Golan L, Birkmeyer J D, Welch H G
Department of Veterans Affairs Medical Center, White River Junction, Vermont 05009-0001, USA.
Ann Intern Med. 1999 Nov 2;131(9):660-7. doi: 10.7326/0003-4819-131-9-199911020-00005.
Although guidelines recommend angiotensin-converting enzyme inhibitors for diabetic patients with microalbuminuria, this strategy requires that providers adhere to screening recommendations. In addition, the benefit of angiotensin-converting enzyme inhibitors in normoalbuminuric patients was recently demonstrated.
To evaluate the cost-effectiveness of treating all patients with type 2 diabetes.
Markov model simulating the progression of diabetic nephropathy.
Randomized trials estimating the progression of diabetic nephropathy with and without angiotensin-converting enzyme inhibitors.
Patients 50 years of age with newly diagnosed type 2 diabetes (fasting plasma glucose level > or = 7.8 mmol/L [140 mg/dL]).
Lifetime.
Societal.
Patients received angiotensin-converting enzyme inhibitors, screening for microalbuminuria, or screening for gross proteinuria.
Lifetime cost, quality-adjusted life expectancy, and marginal cost-effectiveness.
RESULTS OF BASE-CASE ANALYSIS: Screening for gross proteinuria had the highest cost and the lowest benefit. Compared with screening for microalbuminuria, treating all patients was more expensive ($15240 and $14940 per patient) but was associated with increased quality-adjusted life expectancy (11.82 and 11.78 quality-adjusted life-years). The marginal cost-effectiveness ratio was $7500 per quality-adjusted life-year gained.

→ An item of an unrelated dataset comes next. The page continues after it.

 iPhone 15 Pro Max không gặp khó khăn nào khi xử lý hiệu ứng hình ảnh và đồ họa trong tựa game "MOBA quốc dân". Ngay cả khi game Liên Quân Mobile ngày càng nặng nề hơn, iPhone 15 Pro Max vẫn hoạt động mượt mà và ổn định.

Results were sensitive to the cost, effectiveness, and quality of life associated with angiotensin-converting enzyme inhibitor therapy, as well as age at diagnosis. The model was relatively insensitive to adherence with screening and costs of treating end-stage renal disease.
Treating all middle-aged diabetic patients with angiotensin-converting enzyme inhibitors is a simple strategy that provides additional benefit at modest additional cost. The strategy assumes that patients meet the older diagnostic criteria for diabetes and makes sense only for those who are not bothered by treatment.
尽管指南推荐血管紧张素转换酶抑制剂用于患有微量白蛋白尿的糖尿病患者,但该策略要求医疗服务提供者遵守筛查建议。此外,血管紧张素转换酶抑制剂在正常白蛋白尿患者中的益处最近得到了证实。
评估治疗所有2型糖尿病患者的成本效益。
模拟糖尿病肾病进展的马尔可夫模型。
估计使用和不使用血管紧张素转换酶抑制剂时糖尿病肾病进展的随机试验。
50岁新诊断为2型糖尿病的患者(空腹血糖水平≥7.8 mmol/L [140 mg/dL])。
终生。
社会视角。
患者接受血管紧张素转换酶抑制剂治疗、微量白蛋白尿筛查或大量蛋白尿筛查。
终生成本、质量调整生命预期和边际成本效益。
大量蛋白尿筛查成本最高,效益最低。与微量白蛋白尿筛查相比,治疗所有患者成本更高(每位患者分别为15240美元和14940美元),但质量调整生命预期增加(分别为11.82和11.78个质量调整生命年)。每获得一个质量调整生命年的边际成本效益比为7500美元。
结果对与血管紧张素转换酶抑制剂治疗相关的成本、有效性和生活质量以及诊断时的年龄敏感。该模型对筛查依从性和终末期肾病治疗成本相对不敏感。
用血管紧张素转换酶抑制剂治疗所有中年糖尿病患者是一种简单的策略,以适度增加的成本提供额外益处。该策略假定患者符合较旧的糖尿病诊断标准,并且仅对那些不因治疗而烦恼的患者有意义。